THE TASK:
Restate the whole of the data below word for word, skipping the images.

INFORMATION SUPPLIED:
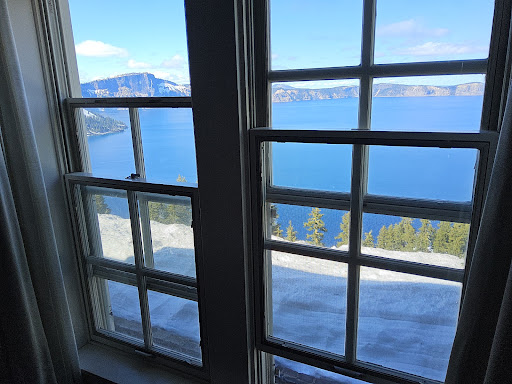 It's not about the hotel, is it? Crater Lake is a wild place, with dark history and dark legends of mysterious forces. I don't believe in any of that, but there was a weird vibe this whole weekend. In all fairness, it snowed overnight on July 10th (approx 3 inches), and they cancelled a lot of tours. It likely impacted the entire operations of the hotel in ways I cannot begin to conceive, but it was an annoying madhouse, and not very "National Park-y". But the issue here is, after staying in multiple Xanterra properties all within a string of 3 weeks, this one stands out as an outlier to the experience of hospitality that Xanterra is trying to accomplish. Even an experience with management was antithetical and far more awkward than it should have been, but it just seems to be a local staffing issue. I am the first to defer to the complexity of running a seasonal spot, where capital improvements are likely a scheduling, budgeting, and planning nightmare... or where hiring people for a 3-5 month season has got to be insanely difficult. But Glacier and Yellowstone were operating at a different level, from product to service, and that's just fine. But just adjust your expectations. You would hear staff mingling at the desk and chatting at volume about guests, issues, casual conversation, etc. The main lobby is wildly impacted, and they do their best to service the MASSIVE influx of random tourists that come in to visit. The issue is likely identifying guests who are enjoying the place, waiting to check in, or just wanting to relax in the public areas (because the rooms are the definition of paired down) vs tourists passing through, and it might make the employees jaded. The lobby servers are inundated from the morning rush on the complimentary coffee, to the irish coffees and wine being ordered throughout the day. It's likely an issue of space, vs staffing. The staff was friendly, and eager, but not very well trained. The dining room staff had some Xanterra veterans, who stood out and truly made our dining experiences, vs some seasonal locals who were poorly trained and disconcerting. The hotel felt dark and somewhat run down, but again, I need to defer to the odd weather. The view room was fine, but even on the 2nd level people could peer in and observe us from the path that was right out the door. The rocking chairs, outside, are fantastic, but service is a bit slow. The hiking trails will undoubtedly bring out your vertigo, and I have to say this place WAS INSANE. I would search the history of deaths in the park. From the natives who say there's weird energy in the area, to the bizarre stories, it will make for some wonderfully sleepless nights. I have nothing but respect for them, but the seasonal staffs lack of training and general awkwardness alters this national park experience. I am being FAR too critical, because of the respect I have for what they do... but just alter your expectations a bit if you've been to other Xanterra or National Park properties, and go out and...
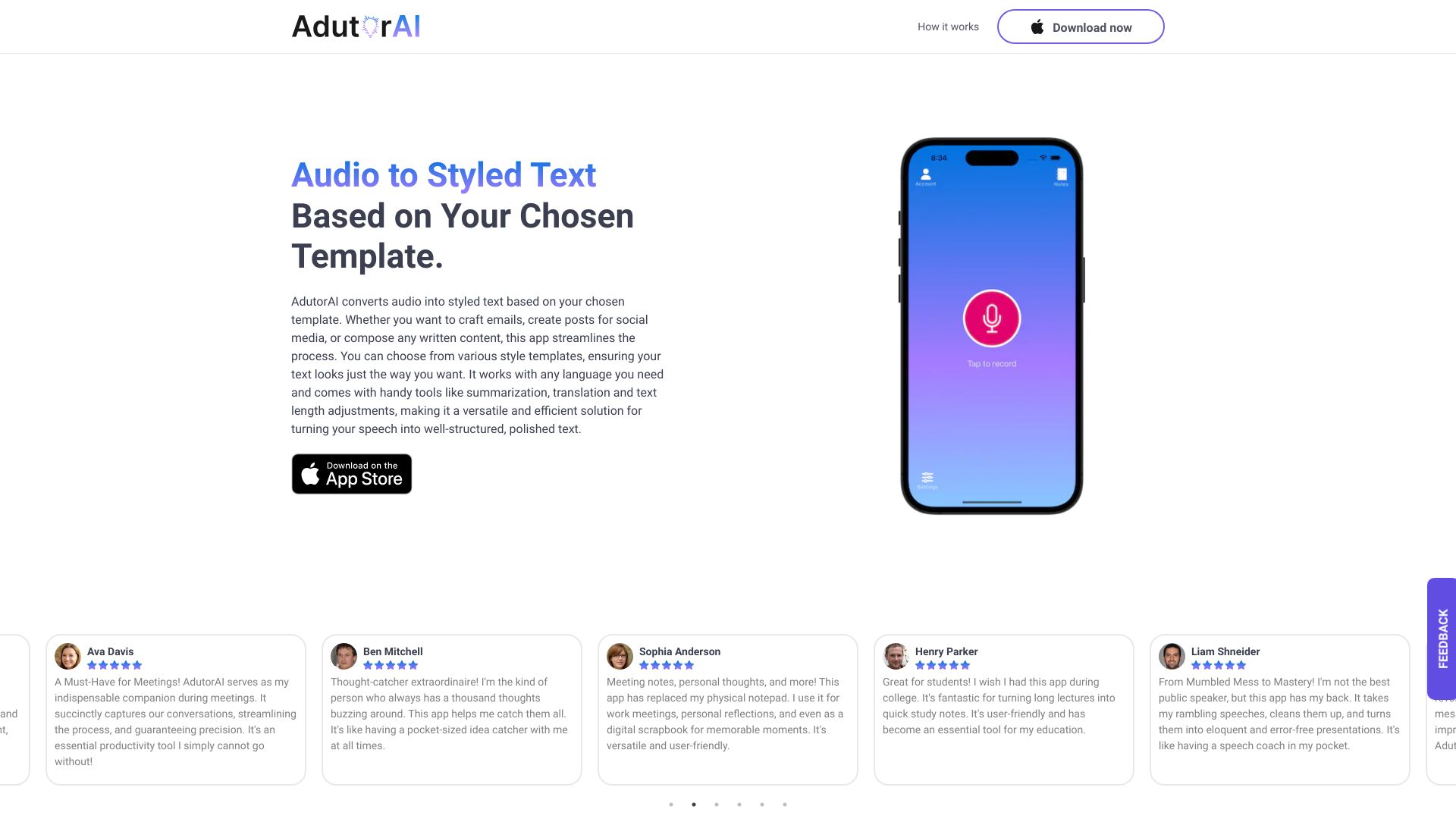 AI tool to convert speech to clear, structured text with style customization.
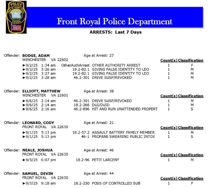 Arrest Logs POLICE: 7 Day FRPD Arrest Report 9/8/2025 Published 1 month ago on September 8, 2025 By PRESS RELEASE Front Royal Police Department’s arrest report for the past 7 days: Related Topics:arrest reportFront Royal Police Department Up Next POLICE: 7 Day FRPD Arrest Report 9/15/2025 Don't Miss POLICE: 7 Day FRPD Arrest Report 9/1/2025 Front Royal, VA61°Cloudy7:28 am6:25 pm EDTFeels like: 61°FWind: 9mph WHumidity: 34%Pressure: 29.81"HgUV index: 0ThuFriSat61°F / 36°F59°F / 34°F61°F / 37°F
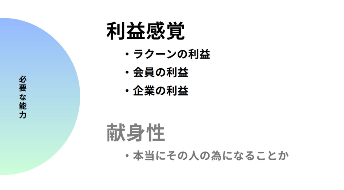 『利益感覚』は、『どのくらいの利益が出る話なのか』という感覚です。『これをやることでどのくらい利益が出るのか』『それは企業さんのためになるのか』『会社(ラクーン)のためにもなるのか』といったことをイメージしやすくなるので、『どのくらい儲かる話なのかな?』という視点を常に持っておくと良いのではないかと思います。
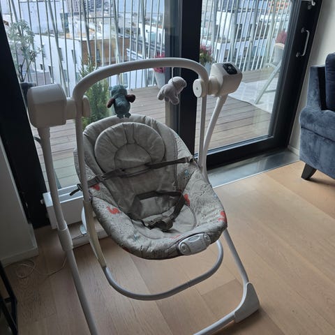 Elektrisk gyngefunksjon med kontrollpanel, svinger i ulike hastigheter og den kan spille musikk.
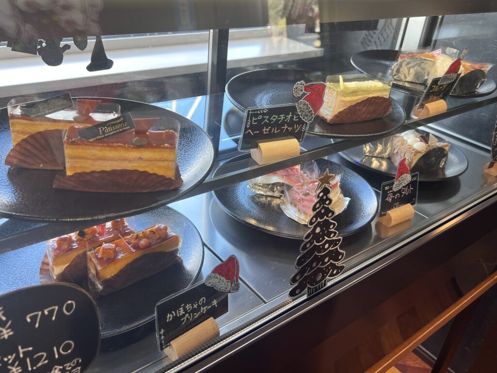 ケーキが入口近くのショーケースに並んでいたので、食後にショーケースを見て選びました。
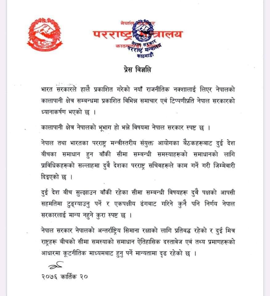 परराष्ट्र मन्त्रालय बुधबार एक विज्ञप्ती जारी गर्दे कालापनी क्षेत्र नेपालको भूभाग हो भने विषयमा नेपाल सरकार स्पष्ट रहेको बताएको छ ।
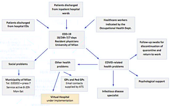 With these premises, a service was set up based on a computer platform that was specially created during the pandemic by the collaboration of the University of Milan, the Health Protection Agency (Agenzia per la Tutela della Salute, Health Protection Agency—ATS) Metropolitan City of Milan and the Local Health and Welfare Agency (Azienda Socio-Sanitaria Territoriale—Local Health Authority, ASST) Fatebenefratelli-Sacco hospitals, and industrial research partners. The aim was to produce a telemedicine service [
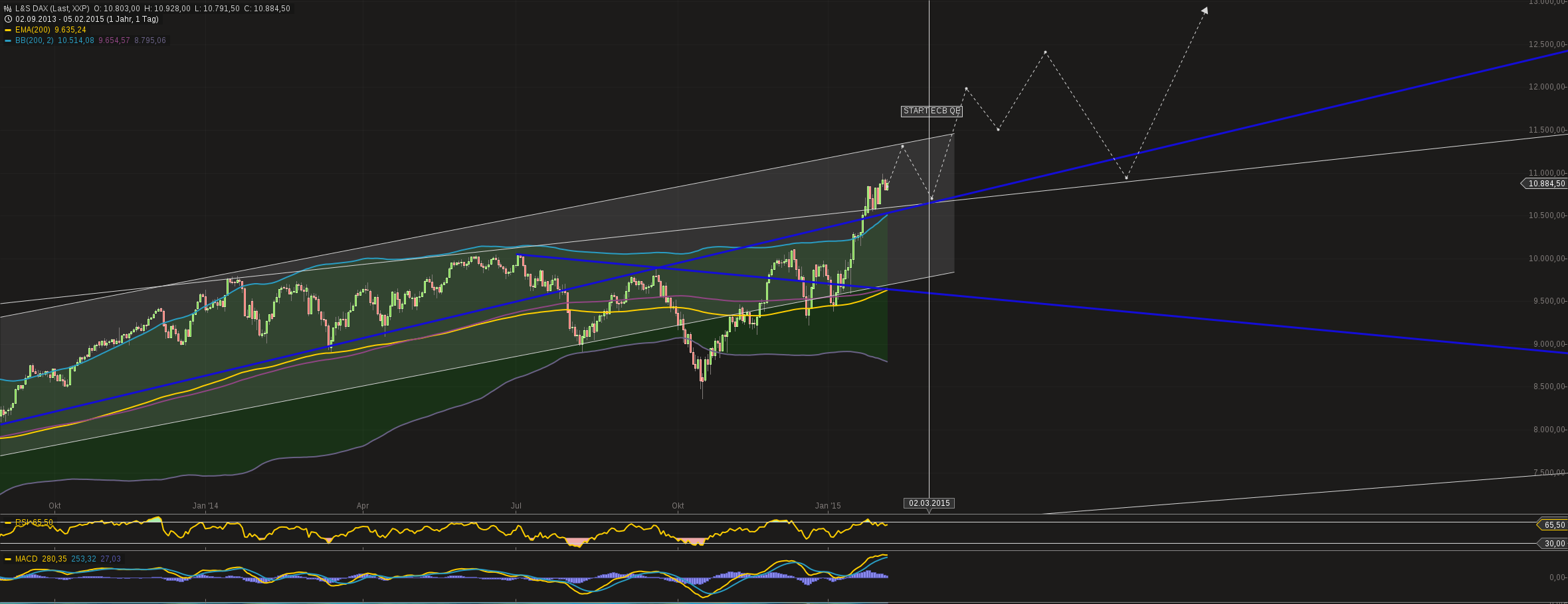 Wenn das geschieht, würde der DAX immer weiter und weiter steigen. Und damit könnte ein weiterer unterstützender Faktor hinzukommen. Viele Menschen in Deutschland und Europa suchen verzweifelt nach Anlagemöglichkeiten. Wie eingangs geschrieben, in weniger als einem Monat hat der DAX mehr Rendite erwirtschaftet, als ein Sparbuch in zehn Jahren. Wenn sich diese Tendenz noch verstärkten sollte, wird irgendwann auch die Masse der Anleger über die Gier wieder in den Markt gezwungen. Allein schon, weil die Medien dann dieses Thema immer mehr aufgreifen werden. Ebenfalls unterstützend würde sich dann auswirken, dass der DAX doch all den Risiken trotzt und immer weiter steigt. Das dürfte auch für den an sich höchst ängstlichen deutschen Anleger ein gewisses Maß an Sicherheit bringen.
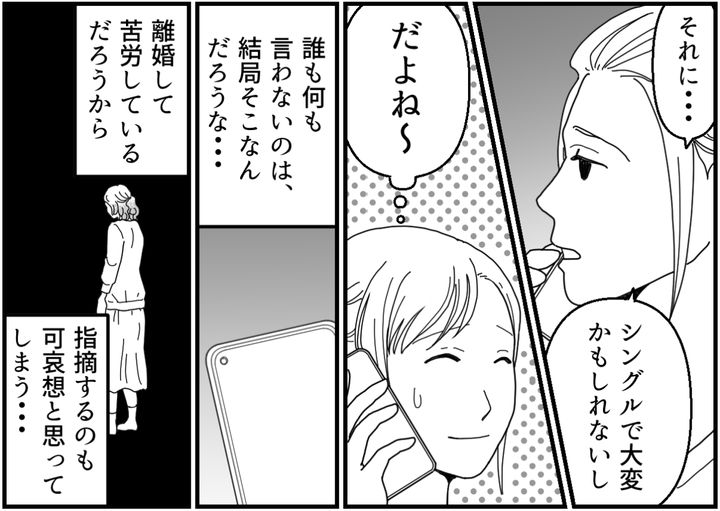 エリやネネは何も言わずに受け入れています。マユコに対して「可哀想だから」という気持ちがあるのでしょう。夫婦円満な自分たちと違って、離婚して苦労しているだろうから……。私は電話を切ってから旦那にグチをこぼしました。
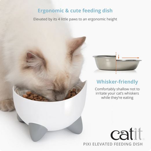 The Catit PIXI Elevated Feeding Dish is great for serving any type of cat food. This feeding dish is elevated to a comfortable height, and specially designed so your cat’s sensitive whiskers don’t repeatedly touch the sides as they eat.

FINISHED TASK:
 It's not about the hotel, is it? Crater Lake is a wild place, with dark history and dark legends of mysterious forces. I don't believe in any of that, but there was a weird vibe this whole weekend. In all fairness, it snowed overnight on July 10th (approx 3 inches), and they cancelled a lot of tours. It likely impacted the entire operations of the hotel in ways I cannot begin to conceive, but it was an annoying madhouse, and not very "National Park-y". But the issue here is, after staying in multiple Xanterra properties all within a string of 3 weeks, this one stands out as an outlier to the experience of hospitality that Xanterra is trying to accomplish. Even an experience with management was antithetical and far more awkward than it should have been, but it just seems to be a local staffing issue. I am the first to defer to the complexity of running a seasonal spot, where capital improvements are likely a scheduling, budgeting, and planning nightmare... or where hiring people for a 3-5 month season has got to be insanely difficult. But Glacier and Yellowstone were operating at a different level, from product to service, and that's just fine. But just adjust your expectations. You would hear staff mingling at the desk and chatting at volume about guests, issues, casual conversation, etc. The main lobby is wildly impacted, and they do their best to service the MASSIVE influx of random tourists that come in to visit. The issue is likely identifying guests who are enjoying the place, waiting to check in, or just wanting to relax in the public areas (because the rooms are the definition of paired down) vs tourists passing through, and it might make the employees jaded. The lobby servers are inundated from the morning rush on the complimentary coffee, to the irish coffees and wine being ordered throughout the day. It's likely an issue of space, vs staffing. The staff was friendly, and eager, but not very well trained. The dining room staff had some Xanterra veterans, who stood out and truly made our dining experiences, vs some seasonal locals who were poorly trained and disconcerting. The hotel felt dark and somewhat run down, but again, I need to defer to the odd weather. The view room was fine, but even on the 2nd level people could peer in and observe us from the path that was right out the door. The rocking chairs, outside, are fantastic, but service is a bit slow. The hiking trails will undoubtedly bring out your vertigo, and I have to say this place WAS INSANE. I would search the history of deaths in the park. From the natives who say there's weird energy in the area, to the bizarre stories, it will make for some wonderfully sleepless nights. I have nothing but respect for them, but the seasonal staffs lack of training and general awkwardness alters this national park experience. I am being FAR too critical, because of the respect I have for what they do... but just alter your expectations a bit if you've been to other Xanterra or National Park properties, and go out and...
 AI tool to convert speech to clear, structured text with style customization.
 Arrest Logs POLICE: 7 Day FRPD Arrest Report 9/8/2025 Published 1 month ago on September 8, 2025 By PRESS RELEASE Front Royal Police Department’s arrest report for the past 7 days: Related Topics:arrest reportFront Royal Police Department Up Next POLICE: 7 Day FRPD Arrest Report 9/15/2025 Don't Miss POLICE: 7 Day FRPD Arrest Report 9/1/2025 Front Royal, VA61°Cloudy7:28 am6:25 pm EDTFeels like: 61°FWind: 9mph WHumidity: 34%Pressure: 29.81"HgUV index: 0ThuFriSat61°F / 36°F59°F / 34°F61°F / 37°F
 『利益感覚』は、『どのくらいの利益が出る話なのか』という感覚です。『これをやることでどのくらい利益が出るのか』『それは企業さんのためになるのか』『会社(ラクーン)のためにもなるのか』といったことをイメージしやすくなるので、『どのくらい儲かる話なのかな?』という視点を常に持っておくと良いのではないかと思います。
 Elektrisk gyngefunksjon med kontrollpanel, svinger i ulike hastigheter og den kan spille musikk.
 ケーキが入口近くのショーケースに並んでいたので、食後にショーケースを見て選びました。
 परराष्ट्र मन्त्रालय बुधबार एक विज्ञप्ती जारी गर्दे कालापनी क्षेत्र नेपालको भूभाग हो भने विषयमा नेपाल सरकार स्पष्ट रहेको बताएको छ ।
 With these premises, a service was set up based on a computer platform that was specially created during the pandemic by the collaboration of the University of Milan, the Health Protection Agency (Agenzia per la Tutela della Salute, Health Protection Agency—ATS) Metropolitan City of Milan and the Local Health and Welfare Agency (Azienda Socio-Sanitaria Territoriale—Local Health Authority, ASST) Fatebenefratelli-Sacco hospitals, and industrial research partners. The aim was to produce a telemedicine service [
 Wenn das geschieht, würde der DAX immer weiter und weiter steigen. Und damit könnte ein weiterer unterstützender Faktor hinzukommen. Viele Menschen in Deutschland und Europa suchen verzweifelt nach Anlagemöglichkeiten. Wie eingangs geschrieben, in weniger als einem Monat hat der DAX mehr Rendite erwirtschaftet, als ein Sparbuch in zehn Jahren. Wenn sich diese Tendenz noch verstärkten sollte, wird irgendwann auch die Masse der Anleger über die Gier wieder in den Markt gezwungen. Allein schon, weil die Medien dann dieses Thema immer mehr aufgreifen werden. Ebenfalls unterstützend würde sich dann auswirken, dass der DAX doch all den Risiken trotzt und immer weiter steigt. Das dürfte auch für den an sich höchst ängstlichen deutschen Anleger ein gewisses Maß an Sicherheit bringen.
 エリやネネは何も言わずに受け入れています。マユコに対して「可哀想だから」という気持ちがあるのでしょう。夫婦円満な自分たちと違って、離婚して苦労しているだろうから……。私は電話を切ってから旦那にグチをこぼしました。
 The Catit PIXI Elevated Feeding Dish is great for serving any type of cat food. This feeding dish is elevated to a comfortable height, and specially designed so your cat’s sensitive whiskers don’t repeatedly touch the sides as they eat.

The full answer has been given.